We were fully prepared to take state Rep. Mike Kuglitsch to task. The New Berlin Republican introduced a bill last week that would keep all University of Wisconsin research activities secret until the research is published. The key word is all.

Rep. Stephen Nass, R-Whitewater, said he would not bring the measure to a vote in the Assembly colleges committee because open records laws already exempt draft research materials that would reveal trade secrets. The law also allows universities to keep records secret if officials feel the harm from releasing them outweighs the public's right to know.

It is a big deal. UW-Madison faculty hold more scientific patents than any other public university in the country, according to the website of the University Research Park, which partners with UW to conduct research in biotechnology and other developing fields.

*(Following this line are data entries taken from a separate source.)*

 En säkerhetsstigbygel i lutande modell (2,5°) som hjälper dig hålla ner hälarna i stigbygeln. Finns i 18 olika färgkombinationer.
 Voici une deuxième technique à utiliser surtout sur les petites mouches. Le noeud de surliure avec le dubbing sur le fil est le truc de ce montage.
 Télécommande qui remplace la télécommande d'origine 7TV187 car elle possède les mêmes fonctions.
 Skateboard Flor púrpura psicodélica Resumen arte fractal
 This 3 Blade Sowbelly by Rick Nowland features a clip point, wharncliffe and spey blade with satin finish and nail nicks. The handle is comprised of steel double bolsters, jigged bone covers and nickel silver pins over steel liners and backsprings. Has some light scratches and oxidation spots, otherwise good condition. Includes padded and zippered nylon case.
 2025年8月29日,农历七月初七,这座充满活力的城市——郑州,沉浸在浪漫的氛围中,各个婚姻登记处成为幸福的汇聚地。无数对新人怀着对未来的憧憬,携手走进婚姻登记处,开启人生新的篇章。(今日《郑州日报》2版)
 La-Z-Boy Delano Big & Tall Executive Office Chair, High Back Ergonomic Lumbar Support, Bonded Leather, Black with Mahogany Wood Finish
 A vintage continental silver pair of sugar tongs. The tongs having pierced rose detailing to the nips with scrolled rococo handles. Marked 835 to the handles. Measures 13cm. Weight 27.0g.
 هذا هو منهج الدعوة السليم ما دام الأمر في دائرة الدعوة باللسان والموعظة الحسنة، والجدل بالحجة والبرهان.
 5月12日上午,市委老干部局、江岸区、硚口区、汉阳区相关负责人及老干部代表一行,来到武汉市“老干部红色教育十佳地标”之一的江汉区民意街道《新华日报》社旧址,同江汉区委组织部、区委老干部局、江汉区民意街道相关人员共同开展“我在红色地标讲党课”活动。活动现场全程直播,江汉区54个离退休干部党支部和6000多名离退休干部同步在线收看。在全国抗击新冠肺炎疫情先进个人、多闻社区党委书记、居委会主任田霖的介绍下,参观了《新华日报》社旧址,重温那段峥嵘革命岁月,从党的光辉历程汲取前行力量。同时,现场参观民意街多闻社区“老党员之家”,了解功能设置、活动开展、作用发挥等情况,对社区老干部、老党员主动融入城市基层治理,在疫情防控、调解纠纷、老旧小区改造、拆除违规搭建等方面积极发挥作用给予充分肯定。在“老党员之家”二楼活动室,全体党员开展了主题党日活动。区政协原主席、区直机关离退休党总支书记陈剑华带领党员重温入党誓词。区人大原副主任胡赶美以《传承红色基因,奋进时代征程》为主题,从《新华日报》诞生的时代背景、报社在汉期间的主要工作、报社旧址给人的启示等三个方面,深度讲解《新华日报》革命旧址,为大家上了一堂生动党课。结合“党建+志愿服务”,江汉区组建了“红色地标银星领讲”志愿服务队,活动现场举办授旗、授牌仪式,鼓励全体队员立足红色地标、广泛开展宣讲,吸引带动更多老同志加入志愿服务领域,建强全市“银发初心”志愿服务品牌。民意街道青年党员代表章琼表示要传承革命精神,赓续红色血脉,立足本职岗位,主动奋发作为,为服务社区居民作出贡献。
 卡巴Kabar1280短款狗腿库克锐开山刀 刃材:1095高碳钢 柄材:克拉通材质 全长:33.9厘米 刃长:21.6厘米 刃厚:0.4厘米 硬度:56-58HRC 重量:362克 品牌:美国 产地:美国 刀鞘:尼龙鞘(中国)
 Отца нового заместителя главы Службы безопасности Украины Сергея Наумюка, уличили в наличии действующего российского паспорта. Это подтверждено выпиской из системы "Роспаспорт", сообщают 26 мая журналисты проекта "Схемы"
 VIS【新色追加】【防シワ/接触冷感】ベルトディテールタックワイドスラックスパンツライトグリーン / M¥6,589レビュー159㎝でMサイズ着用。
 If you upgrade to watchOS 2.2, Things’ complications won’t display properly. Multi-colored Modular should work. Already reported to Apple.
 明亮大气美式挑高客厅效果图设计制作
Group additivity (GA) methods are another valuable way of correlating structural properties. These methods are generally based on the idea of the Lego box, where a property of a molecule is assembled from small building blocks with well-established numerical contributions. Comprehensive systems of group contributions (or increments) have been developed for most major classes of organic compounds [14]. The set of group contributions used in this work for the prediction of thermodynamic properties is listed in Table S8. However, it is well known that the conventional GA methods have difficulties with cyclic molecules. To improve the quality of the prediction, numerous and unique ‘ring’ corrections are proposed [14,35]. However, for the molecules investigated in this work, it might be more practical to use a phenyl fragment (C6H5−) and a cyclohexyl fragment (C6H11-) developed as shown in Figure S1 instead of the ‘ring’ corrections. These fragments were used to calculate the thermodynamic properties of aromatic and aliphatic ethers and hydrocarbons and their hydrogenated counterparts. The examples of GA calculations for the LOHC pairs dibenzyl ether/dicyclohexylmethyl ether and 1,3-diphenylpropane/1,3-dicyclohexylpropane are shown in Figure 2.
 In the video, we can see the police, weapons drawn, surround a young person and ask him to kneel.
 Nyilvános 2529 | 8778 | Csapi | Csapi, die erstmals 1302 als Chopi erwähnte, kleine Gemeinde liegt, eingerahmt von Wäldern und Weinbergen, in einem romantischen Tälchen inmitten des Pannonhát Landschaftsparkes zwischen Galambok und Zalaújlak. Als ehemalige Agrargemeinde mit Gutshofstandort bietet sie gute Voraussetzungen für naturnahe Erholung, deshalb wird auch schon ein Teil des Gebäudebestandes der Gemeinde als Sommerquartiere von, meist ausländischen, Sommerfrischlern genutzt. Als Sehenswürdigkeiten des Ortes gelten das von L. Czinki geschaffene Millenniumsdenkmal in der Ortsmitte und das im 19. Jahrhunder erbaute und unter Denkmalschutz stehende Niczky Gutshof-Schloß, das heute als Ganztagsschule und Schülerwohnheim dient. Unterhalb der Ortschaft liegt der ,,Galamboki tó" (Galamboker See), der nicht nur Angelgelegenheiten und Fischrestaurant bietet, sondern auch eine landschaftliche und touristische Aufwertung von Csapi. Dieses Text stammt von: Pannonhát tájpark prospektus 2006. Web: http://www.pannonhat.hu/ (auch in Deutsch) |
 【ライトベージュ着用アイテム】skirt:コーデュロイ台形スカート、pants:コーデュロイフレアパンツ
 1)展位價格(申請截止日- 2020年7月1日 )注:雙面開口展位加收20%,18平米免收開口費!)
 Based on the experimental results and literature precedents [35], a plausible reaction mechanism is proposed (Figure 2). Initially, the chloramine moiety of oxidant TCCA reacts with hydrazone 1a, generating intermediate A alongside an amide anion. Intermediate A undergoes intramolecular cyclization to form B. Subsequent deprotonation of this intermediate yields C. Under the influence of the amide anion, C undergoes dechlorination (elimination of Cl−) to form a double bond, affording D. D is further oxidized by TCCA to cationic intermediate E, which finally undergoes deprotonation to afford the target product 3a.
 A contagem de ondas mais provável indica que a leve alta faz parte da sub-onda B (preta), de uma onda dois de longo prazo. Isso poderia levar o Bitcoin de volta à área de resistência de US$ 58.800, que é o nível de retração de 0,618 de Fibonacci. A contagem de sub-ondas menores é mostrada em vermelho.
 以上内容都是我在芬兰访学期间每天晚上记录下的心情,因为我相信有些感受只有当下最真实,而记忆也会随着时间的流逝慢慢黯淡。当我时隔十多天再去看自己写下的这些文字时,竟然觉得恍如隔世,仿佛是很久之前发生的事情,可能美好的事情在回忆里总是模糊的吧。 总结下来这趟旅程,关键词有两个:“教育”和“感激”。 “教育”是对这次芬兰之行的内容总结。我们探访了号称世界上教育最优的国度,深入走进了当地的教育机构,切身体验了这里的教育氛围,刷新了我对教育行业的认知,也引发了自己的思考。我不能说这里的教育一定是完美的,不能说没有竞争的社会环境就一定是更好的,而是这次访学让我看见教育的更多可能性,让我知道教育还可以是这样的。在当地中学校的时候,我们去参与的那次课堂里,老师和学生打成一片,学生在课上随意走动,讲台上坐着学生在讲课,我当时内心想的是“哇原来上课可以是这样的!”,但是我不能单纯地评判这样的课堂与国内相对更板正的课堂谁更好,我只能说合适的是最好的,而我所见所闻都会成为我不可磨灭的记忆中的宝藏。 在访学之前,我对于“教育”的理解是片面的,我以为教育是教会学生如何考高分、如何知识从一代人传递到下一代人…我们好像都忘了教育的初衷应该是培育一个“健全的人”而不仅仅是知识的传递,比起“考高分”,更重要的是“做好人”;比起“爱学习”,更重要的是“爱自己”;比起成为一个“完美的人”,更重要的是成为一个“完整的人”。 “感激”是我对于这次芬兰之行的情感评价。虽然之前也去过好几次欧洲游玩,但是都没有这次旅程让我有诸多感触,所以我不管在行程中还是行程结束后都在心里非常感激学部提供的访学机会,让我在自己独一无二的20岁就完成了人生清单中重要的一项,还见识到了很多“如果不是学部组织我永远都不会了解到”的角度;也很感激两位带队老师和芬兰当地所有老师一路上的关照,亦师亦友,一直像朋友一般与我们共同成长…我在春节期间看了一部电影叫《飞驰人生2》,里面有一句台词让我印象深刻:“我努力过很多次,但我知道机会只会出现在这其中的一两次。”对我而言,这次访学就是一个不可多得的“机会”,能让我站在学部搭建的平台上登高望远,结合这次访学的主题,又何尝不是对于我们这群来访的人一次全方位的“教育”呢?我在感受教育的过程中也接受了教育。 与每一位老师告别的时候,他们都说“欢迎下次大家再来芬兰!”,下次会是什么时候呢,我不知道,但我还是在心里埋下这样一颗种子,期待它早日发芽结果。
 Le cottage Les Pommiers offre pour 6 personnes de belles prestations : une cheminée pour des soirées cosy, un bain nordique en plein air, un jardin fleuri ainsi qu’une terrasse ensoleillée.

Millions are spent on research and the UW takes proprietary information seriously.

And it should. Huge money is at stake and distinguished faculty members often are drawn to centers of learning by research possibilities. Research grants fund much of the work, but tax dollars also are involved.

That means a veil of secrecy must not completely shroud university research projects. The public has a right to know - even in general terms - what the university its taxes support is doing with research dollars.

Nass, to his credit, said Kuglitsch's bill will not get a hearing as long as current exemptions in the open records law remain in effect. There is no reason to believe those provisions will go away any time soon, so it will remain incumbent on UW researchers to continue to provide some information about their award-winning research efforts.

Bill Lueders, president of the Wisconsin Freedom of Information Council, said the issue must be taken seriously and asked that media outlets "respond with indignation" to the Kuglitsch proposal. It appears that won't be necessary, unless the measure again rears its ugly head in the legislative process.

For now, thankfully, we'll chalk one up for government transparency and openness.